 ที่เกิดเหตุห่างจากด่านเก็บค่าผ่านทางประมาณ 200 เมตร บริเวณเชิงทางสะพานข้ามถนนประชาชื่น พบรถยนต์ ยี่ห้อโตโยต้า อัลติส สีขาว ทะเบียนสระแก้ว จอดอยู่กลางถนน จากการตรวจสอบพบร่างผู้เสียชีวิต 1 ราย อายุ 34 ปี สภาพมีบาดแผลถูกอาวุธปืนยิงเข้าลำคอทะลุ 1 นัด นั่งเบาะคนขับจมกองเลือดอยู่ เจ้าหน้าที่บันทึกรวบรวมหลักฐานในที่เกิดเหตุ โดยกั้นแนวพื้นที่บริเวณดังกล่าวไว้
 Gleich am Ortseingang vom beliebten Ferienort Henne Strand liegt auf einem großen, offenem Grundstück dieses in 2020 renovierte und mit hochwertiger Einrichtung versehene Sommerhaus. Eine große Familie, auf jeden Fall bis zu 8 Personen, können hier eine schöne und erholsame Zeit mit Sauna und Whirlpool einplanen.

========

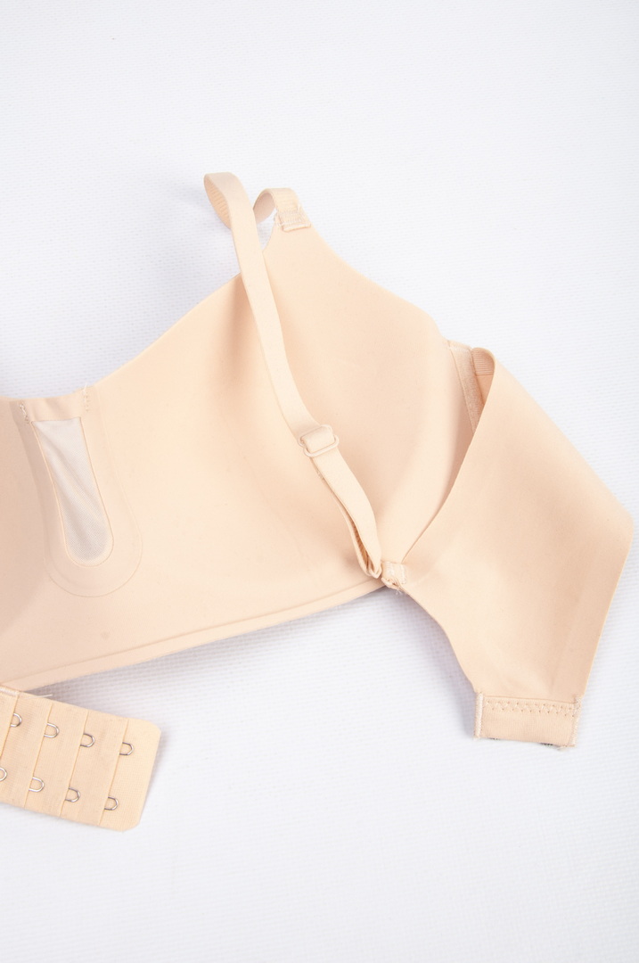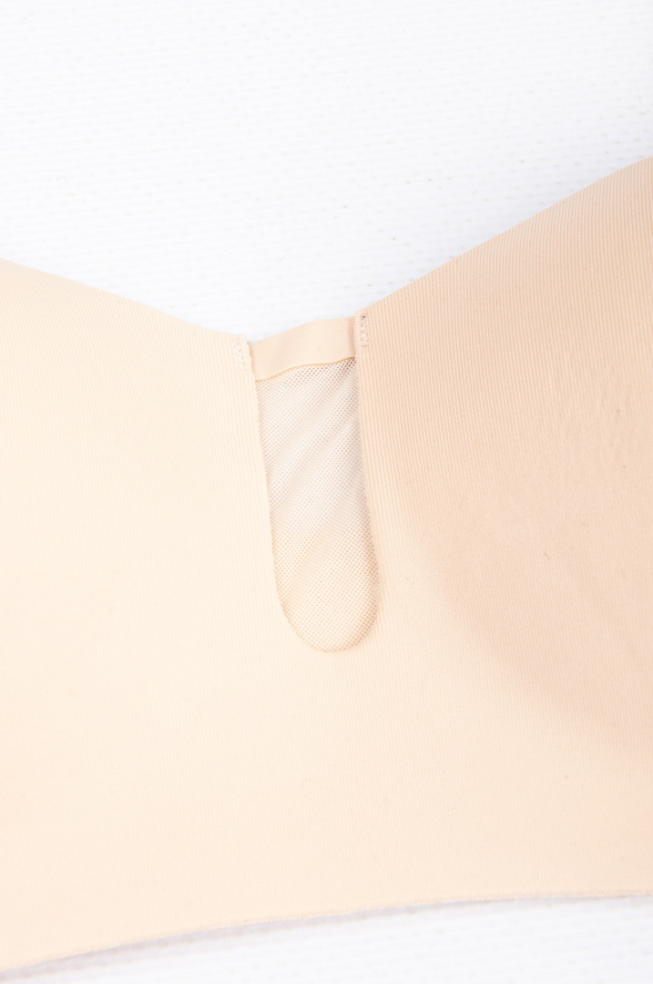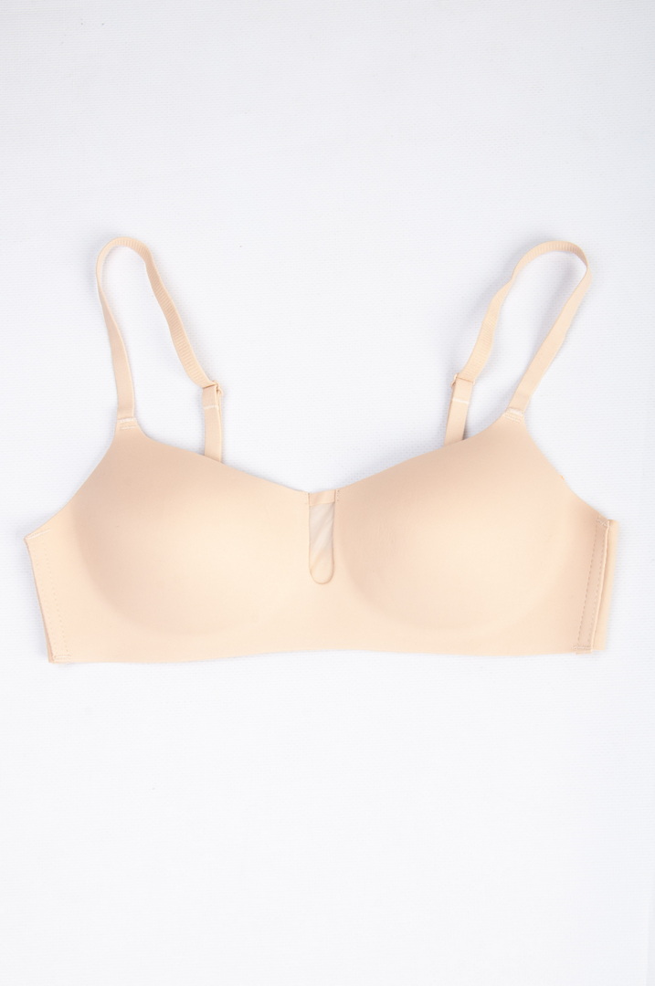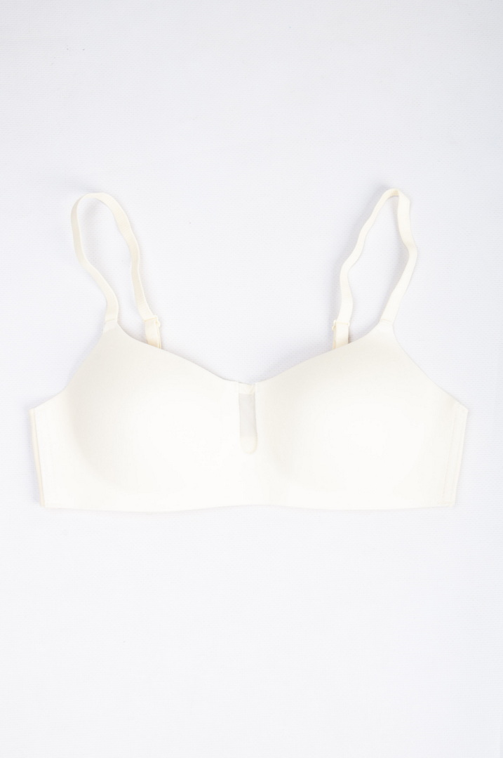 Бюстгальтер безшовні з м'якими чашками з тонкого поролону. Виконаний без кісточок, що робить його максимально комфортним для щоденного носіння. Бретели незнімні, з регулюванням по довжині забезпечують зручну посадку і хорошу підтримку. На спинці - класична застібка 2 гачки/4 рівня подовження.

========

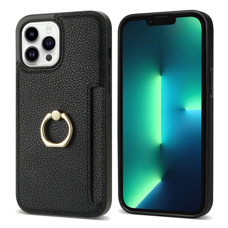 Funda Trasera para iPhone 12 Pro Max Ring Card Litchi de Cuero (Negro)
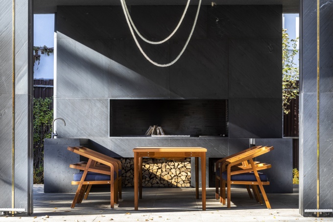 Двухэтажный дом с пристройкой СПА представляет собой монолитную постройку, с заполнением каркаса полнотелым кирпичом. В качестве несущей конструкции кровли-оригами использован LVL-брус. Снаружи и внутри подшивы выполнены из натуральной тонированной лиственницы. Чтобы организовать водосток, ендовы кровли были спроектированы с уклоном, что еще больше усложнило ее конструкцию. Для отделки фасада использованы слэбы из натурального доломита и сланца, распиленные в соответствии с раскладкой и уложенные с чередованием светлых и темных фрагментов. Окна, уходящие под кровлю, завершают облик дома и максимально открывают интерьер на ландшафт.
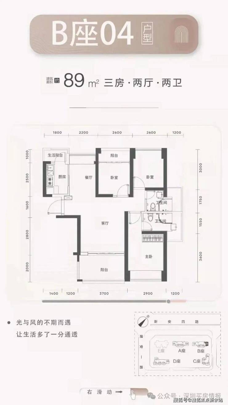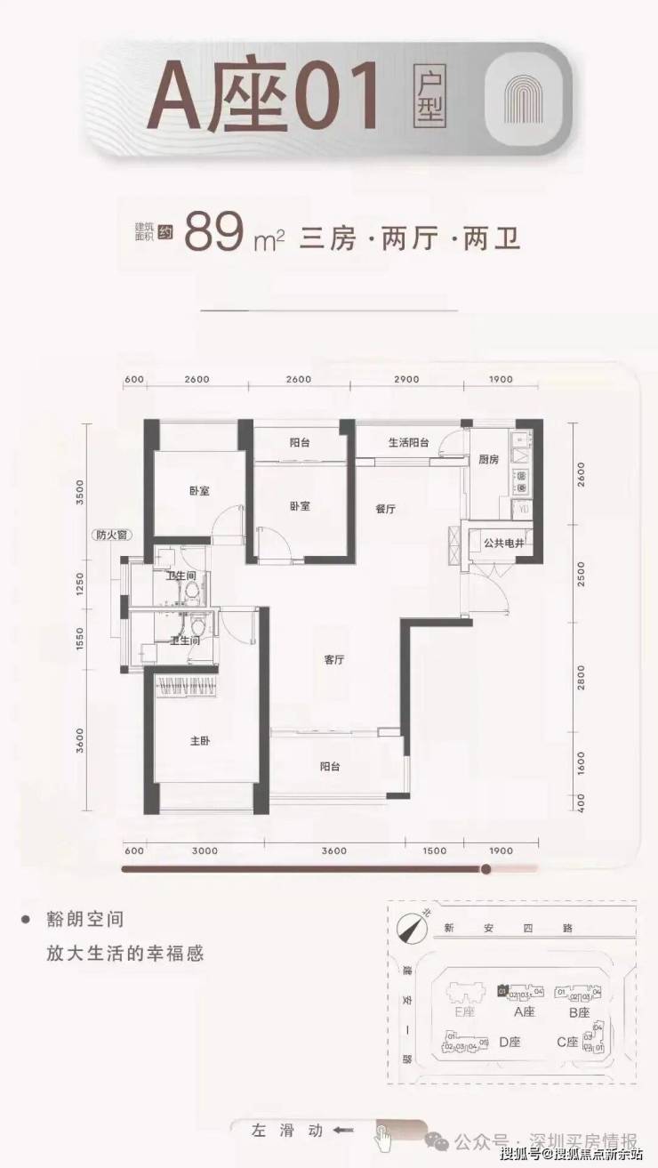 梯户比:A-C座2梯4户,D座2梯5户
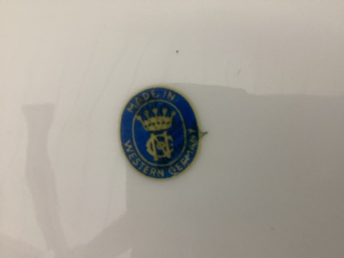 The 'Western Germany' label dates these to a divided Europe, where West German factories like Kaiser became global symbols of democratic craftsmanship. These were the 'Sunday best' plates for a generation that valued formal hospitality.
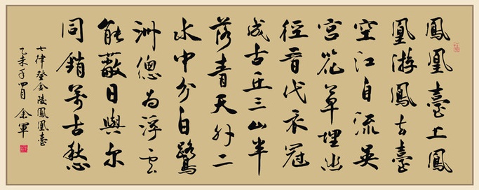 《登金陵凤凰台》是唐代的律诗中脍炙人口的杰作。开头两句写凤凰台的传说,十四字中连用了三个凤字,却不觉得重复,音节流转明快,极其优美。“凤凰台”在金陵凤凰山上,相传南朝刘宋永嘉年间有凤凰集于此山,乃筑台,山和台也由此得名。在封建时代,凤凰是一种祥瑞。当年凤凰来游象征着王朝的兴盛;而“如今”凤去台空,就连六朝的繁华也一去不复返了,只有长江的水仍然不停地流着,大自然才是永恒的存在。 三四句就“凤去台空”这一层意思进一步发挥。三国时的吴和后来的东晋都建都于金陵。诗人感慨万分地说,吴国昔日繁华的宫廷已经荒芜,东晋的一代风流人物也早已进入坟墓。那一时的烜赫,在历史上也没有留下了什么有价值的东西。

========

Out of the data above, transcribe exactly and only the lines starting with the line that has "ที่เกิดเหตุห่างจากด่านเก็บค่าผ่านทางประมาณ 200 เมตร" and going on through the line that has "Gleich am Ortseingang", both included.

Written response:
 ที่เกิดเหตุห่างจากด่านเก็บค่าผ่านทางประมาณ 200 เมตร บริเวณเชิงทางสะพานข้ามถนนประชาชื่น พบรถยนต์ ยี่ห้อโตโยต้า อัลติส สีขาว ทะเบียนสระแก้ว จอดอยู่กลางถนน จากการตรวจสอบพบร่างผู้เสียชีวิต 1 ราย อายุ 34 ปี สภาพมีบาดแผลถูกอาวุธปืนยิงเข้าลำคอทะลุ 1 นัด นั่งเบาะคนขับจมกองเลือดอยู่ เจ้าหน้าที่บันทึกรวบรวมหลักฐานในที่เกิดเหตุ โดยกั้นแนวพื้นที่บริเวณดังกล่าวไว้
 Gleich am Ortseingang vom beliebten Ferienort Henne Strand liegt auf einem großen, offenem Grundstück dieses in 2020 renovierte und mit hochwertiger Einrichtung versehene Sommerhaus. Eine große Familie, auf jeden Fall bis zu 8 Personen, können hier eine schöne und erholsame Zeit mit Sauna und Whirlpool einplanen.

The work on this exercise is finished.